Na ocasião, Lula assinou a portaria interministerial de criação de um grupo de trabalho para elaboração de projeto de lei que institui a Política de Valorização do Salário Mínimo (PVSM). O grupo terá vigência de 45 dias, renováveis por igual período, e tratará, entre outros pontos, da regulamentação de quem atua em apps.
Melhorias salariais
Os profissionais demandam que a taxa mínima paga por entrega aumente de R$ 6,00 para R$ 8,00. Também exigem a extinção das chamadas “entregas duplas ou triplas”, que é quando os entregadores precisam levar mais de um pedido na mesma rota sem remuneração proporcional, isto é, sem receber os valores integrais das entregas feitas dentro de uma mesma viagem.
Assistência médica
Apenas um a cada quatro (23%) entregadores e motoristas autônomos pagam contribuição ao INSS, segundo levantamento do Instituto de Pesquisa Econômica Aplicada (Ipea) e do Instituto Brasileiro de Geografia e Estatística (IBGE).

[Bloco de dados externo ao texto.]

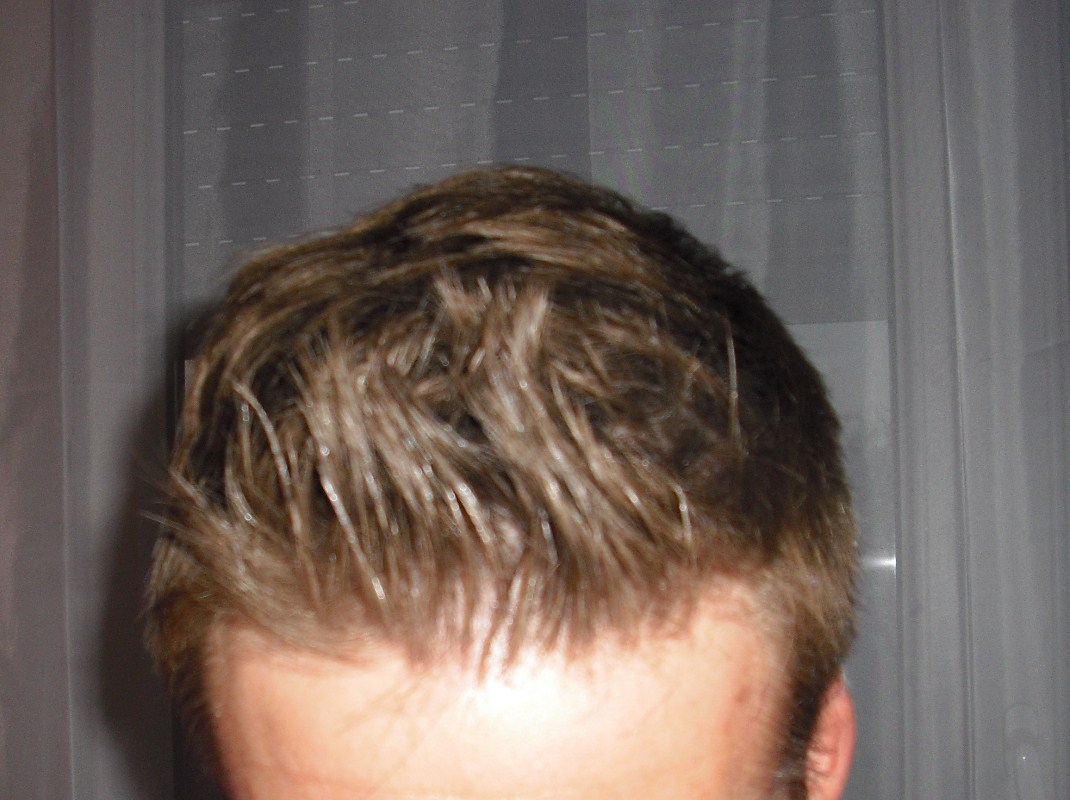 PS: Hast du da Gel in den Haaren? Mach doch mal ein Bild mit frisch gewaschenen, trockenen Haaren und etwas mehr Schärfe. So sieht man wenig.

Isso significa que 77% não contribuem com a Previdência Social e não estão protegidos em casos de acidentes ou de doenças que exijam afastamento do trabalho. Além disso, não possuem o seu tempo de trabalho contado para a aposentadoria.

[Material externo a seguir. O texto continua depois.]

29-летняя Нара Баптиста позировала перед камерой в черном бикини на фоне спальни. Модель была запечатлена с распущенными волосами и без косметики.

Nesse sentido, os entregadores pedem um plano de assistência mais eficaz e que os aplicativos sejam obrigados a fornecer equipamentos de proteção individual, como capacetes e coletes refletivos.
Seguro de vida
O iFood tem uma página dedicada aos seguros no Portal do Entregador com detalhes sobre as coberturas e meios de contatar a seguradora diretamente pelo site.

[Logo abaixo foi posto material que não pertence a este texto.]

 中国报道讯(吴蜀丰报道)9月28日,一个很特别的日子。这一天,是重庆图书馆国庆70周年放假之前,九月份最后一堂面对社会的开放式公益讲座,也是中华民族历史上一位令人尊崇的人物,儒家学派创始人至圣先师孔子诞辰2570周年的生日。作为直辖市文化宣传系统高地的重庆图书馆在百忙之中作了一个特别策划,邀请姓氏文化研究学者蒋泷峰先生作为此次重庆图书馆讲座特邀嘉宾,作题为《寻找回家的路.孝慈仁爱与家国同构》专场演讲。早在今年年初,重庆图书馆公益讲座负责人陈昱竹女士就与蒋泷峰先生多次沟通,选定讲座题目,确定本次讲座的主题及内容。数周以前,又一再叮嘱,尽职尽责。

Mas a falta de implementação do suporte preocupa quem trabalha no app. O caso do entregador Yuri de Souza, de 24 anos, que morreu fazendo entrega para o iFood em 2022, evidencia o descaso. A família do jovem alega não ter conseguido acesso ao auxílio-funeral a tempo e que teve o seguro de vida negado. Onze dias depois de sua morte, a conta de Yuri foi desativada por “má conduta”.
De acordo com o iFood, a cobertura foi ampliada para trazer mais proteção às mulheres entregadoras, como licença-maternidade, indenização em casos de câncer de mama e de colo do útero, e às famílias dos profissionais em caso de morte, como auxílio-funeral e ajuda financeira para quem precisa cuidar dos filhos em caso de doença ou acidente.
O mercado de apps de entregas e o subemprego
Foi em meio à crise da covid-19 que o boom das plataformas de delivery aconteceu no Brasil. Devido às restrições de circulação impostas e às recomendações para ficar em casa, o delivery de alimentos subiu 187% no primeiro ano da pandemia no Brasil, conforme análise realizada pela startup de gestão de finanças pessoais Mobills.
Somado ao fator sanitário, o crescente desemprego fez com que os trabalhadores recorressem a esses serviços como complemento de renda ou mesmo como único meio de sobrevivência. Segundo dados da Pesquisa Nacional por Amostra de Domicílios (Pnad) e do Instituto Brasileiro de Economia da Fundação Getulio Vargas (FGV IBRE), entre 2020 e os primeiros meses de 2022, o país ganhou 1,42 milhão de trabalhadores informais.